Recently, I used lambda to replace the original logic. I didn't think about the difference between using lambda and writing logic directly. Of course, lambda will become an anonymous function without optimization, but is it still the same when O2 optimization is enabled?

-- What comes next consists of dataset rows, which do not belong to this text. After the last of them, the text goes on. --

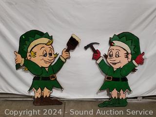 Lot #0277: 2 Painted Wood Elf Painter & Carpenter Signs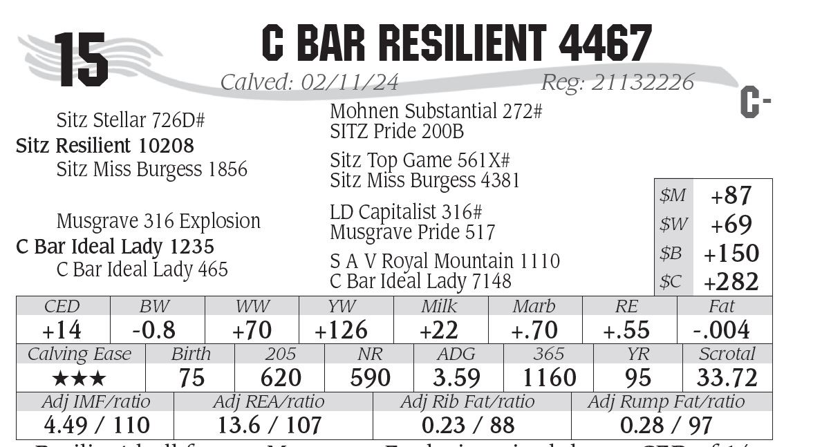 • Resilient bull from a Musgrave Explosion sired dam CED of 14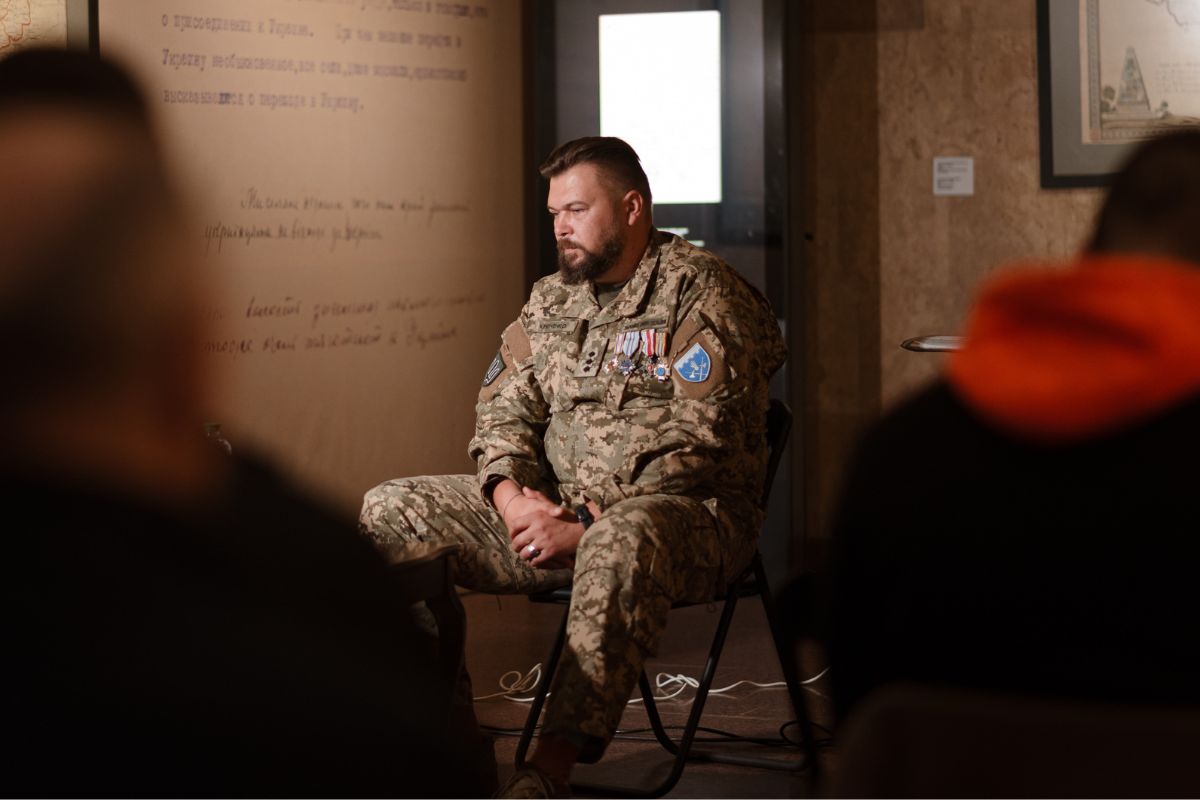 До Музею війни завітав командир взводу інженерної розвідки групи інженерного забезпечення 101 окремої бригади охорони Генерального штабу Збройних Сил України імені генерал-полковника Генадія Воробйова, ветеран Війни за Незалежність України, старший лейтенант Іван Кріпченко («Ведмідь»). Модерував зустріч керівник сектору дослідження мілітарної історії Сергій Сірий.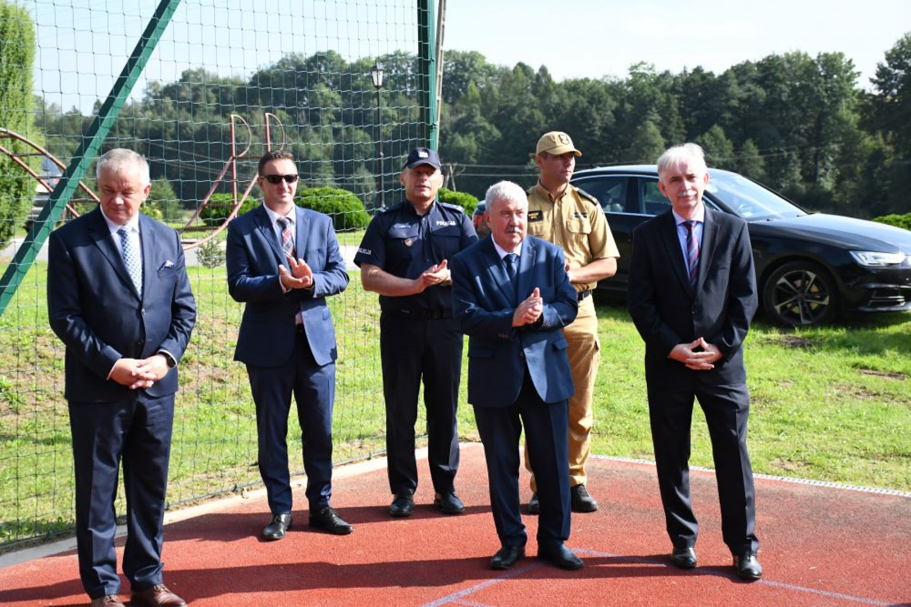 Włodarze Powiatu Miechowskiego i komendanci służb na otwarciu roku szkolnego w Zagorzycach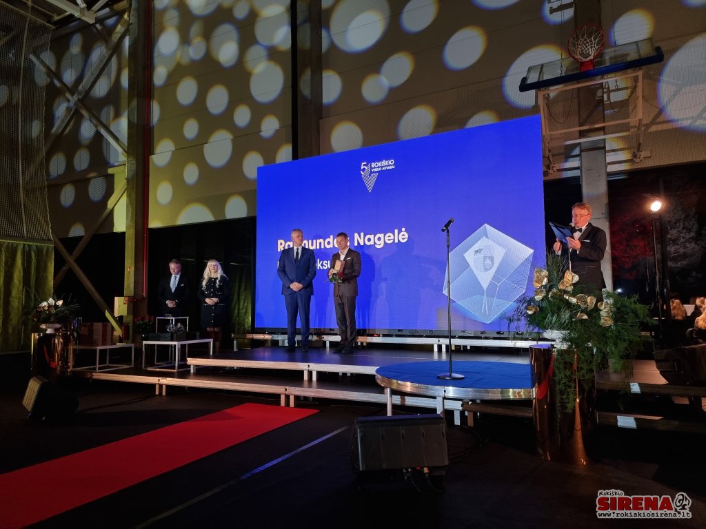 Į sceną žengę garbūs svečiai: Lietuvos prekybos, pramonės ir amatų rūmų asociacijos prezidentas Sigitas Gailiūnas, Panevėžio prekybos, pramonės ir amatų rūmų asociacijos prezidentas Kazimieras Antanynas ir generalinis direktorius Visvaldas Matkevičius, už verslo ir savivaldos bendrystę įvertinimą įteikė Rokiškio merui Ramūnui Godeliauskui. Komanda pabrėžė matanti pavyzdinį betarpišką verslo atstovų ir rajono vadovų bendrystę kuriant rajono gyventojų gerovę.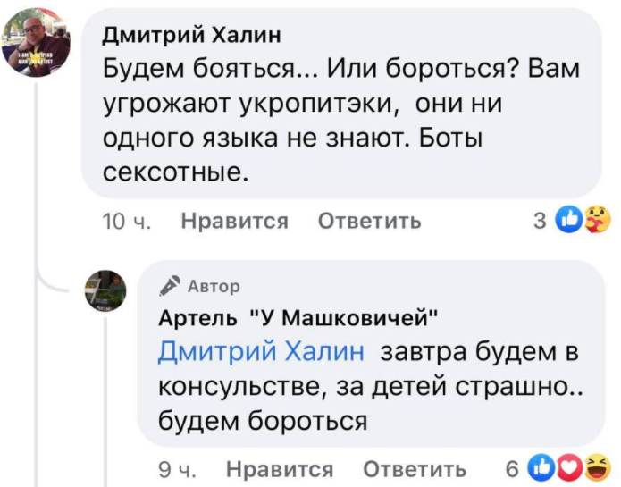 Отвечая одному из своих сторонников, владельцы "Артели" заявили, что им страшно за детей, которым тоже угрожают.

Whether lambda will also be inlined.
The various assembly codes in this article are all generated with O2 optimization turned on, using VS2019.
The simplest labmda
First, let's take a look at the simplest lambda.
// main.cpp
int main()
{
using namespace std;
auto testf = []() {
for (int i = 0; i < 10; ++i)
{
if (i % 2 == 0)
cout << "hi";
}
};
testf();
}
View the disassembly code, here is the disassembly of testf()
00007FF6DB7E1246 xor ebx,ebx
00007FF6DB7E1248 test bl,1
00007FF6DB7E124B jne main+20h (07FF6DB7E1260h)
00007FF6DB7E124D mov rcx,qword ptr [__imp_std::cout (07FF6DB7E20B0h)]
00007FF6DB7E1254 lea rdx,[string "hi" (07FF6DB7E2284h)]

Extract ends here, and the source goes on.